Several inositol derivatives, such as phosphatidylinositol, are known to have anti-inflammatory activity26,30,31 and have been also quantified in several microalgae to be proposed as supplement in diet32. PtdIns(3), PIK3C3 and PIGA are the main enzymes involved in the inositol phosphate metabolism (KEGG pathway ec00562), and were selected as GOI for RT-qPCR analyses in this study. In particular, PtdIns(3) converts 1-phosphatidyl-1D-myo-inositol 3-phosphate in 1-phosphatidyl-1D-myo-inositol, while PIK3C3 and PIGA convert a 1, 2-diacyl-sn-glycero-3-phospho-(1D-myo-inositol) in a 1, 2-diacyl-sn-glycero-3-phospho-(1D-myo-inositol 3-phosphate) and a 6-(N-acetyl-α-D-glucosaminyl)-1-phosphatidyl-1D-myo-inositol, respectively (https://www.uniprot.org/uniprot/Q6PF93, https://www.uniprot.org/uniprot/P37287). Phosphatidylinositol 3-kinase is known to regulate key events in inflammatory responses, and there are also studies on genetically-modified mice with altered phosphatidylinositol 3-kinase signaling in order to understand its role in chronic inflammation mouse models33. Another selected transcript was MGD, essential for the synthesis of monogalactosyldiacylglycerols (MGDG)34. Several microalgae are known to be rich in MGDG containing a high proportion of polyunsaturated fatty acids (PUFAs) with potential nutraceutical and pharmaceutical applications35. MGDG are known to have anti-inflammatory activity reducing the release of inflammatory mediators (i.e. interleukins) and inhibiting the generation of superoxide anion34.
Finally, the transcript coding VDE was selected as well. VDE converts violaxanthin to zeaxanthin and both of them, as well as other carotenoids, are known to possess anti-inflammatory activities36,37 and have been widely studied in microalgae for their potential health benefits15. Primers were designed in order to amplify the five selected transcripts, their expression levels were analyzed in both control and Si-starvation conditions by RT-qPCR and in silico prediction of the three-dimensional structures of their corresponding proteins was performed.

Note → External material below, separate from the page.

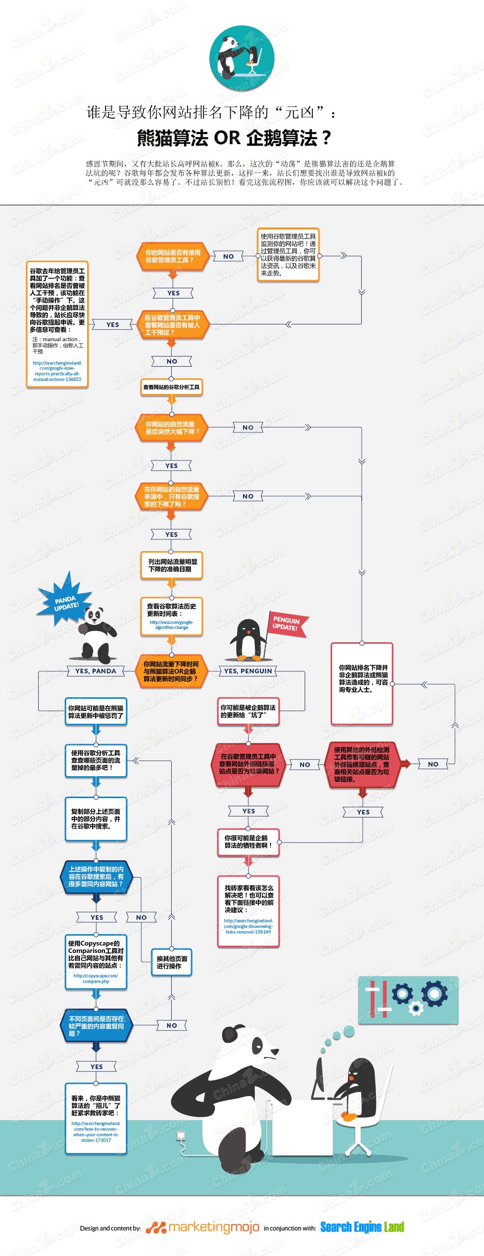 站長(zhǎng)之家(Chinaz.com)12月12日消息。 近來(lái),很多站長(zhǎng)反映,感恩節(jié)期間網(wǎng)站排名出現(xiàn)較大變動(dòng),部分網(wǎng)站排名上升,另一部分網(wǎng)站遭遇被K命運(yùn)。我們都知道,前段時(shí)間谷歌更新了企鵝算法(更新仍在繼續(xù))和熊貓算法。那么問(wèn)題來(lái)了,網(wǎng)站被K現(xiàn)象到底是誰(shuí)害的呢?企鵝算法 OR 熊貓算法?針對(duì)這個(gè)問(wèn)題,國(guó)外SEO從業(yè)者Driscoll Miller帶來(lái)了一張信息圖,為我們解說(shuō)到底是誰(shuí)讓你的網(wǎng)站排名下降了!

Reference gene assessment and GOI expression level analyses
In order to study GOIs expression levels, a panel of putative reference genes (RGs) was screened. Selected genes were included in those already used as RGs for other microalgae38,39,40,41,42. Results on the assessment of the best RGs obtained by three different software are reported in Fig. 1. According to the results obtained by BestKeeper, the lowest standard deviation (SD) was obtained for α-tubulin (Tub-α), followed by calmodulin (CaM) and glyceraldehyde 3-phosphate dehydrogenase (GAPDH) (Fig. 1a), which indicated that the most stable RG was Tub-α. According to NormFinder, the lowest stability values were calculated for GAPDH, Act and CaM; therefore, they were suggested as best candidate RGs (Fig. 1b). According to the statistical approach of geNorm, the two most stable genes (i.e., with the lowest expression stability, M) were actin (Act) and translation elongation factor-like protein (EFL) (Fig. 1c). Pairwise variation was calculated for assessment of the effect of adding another RG to those already analysed. The obtained results indicated that the addition of other RGs was not required since the value for V2/3 is below the cutoff of 0.15 (Fig. 1d). Considering the best RGs assigned by each software, Tub-α, GAPDH, Act and EFL were selected as RGs for RT-qPCR analyses. The best predicted RGs were different compared to other diatoms (such as Skeletonema marinoi, Pseudo-nitzschia multistriata and P. arenysensis39,40,42 since their stability is related to the studied species, growth phases and studied conditions (e.g. nutrient starvation/depletion and CO2 exposure).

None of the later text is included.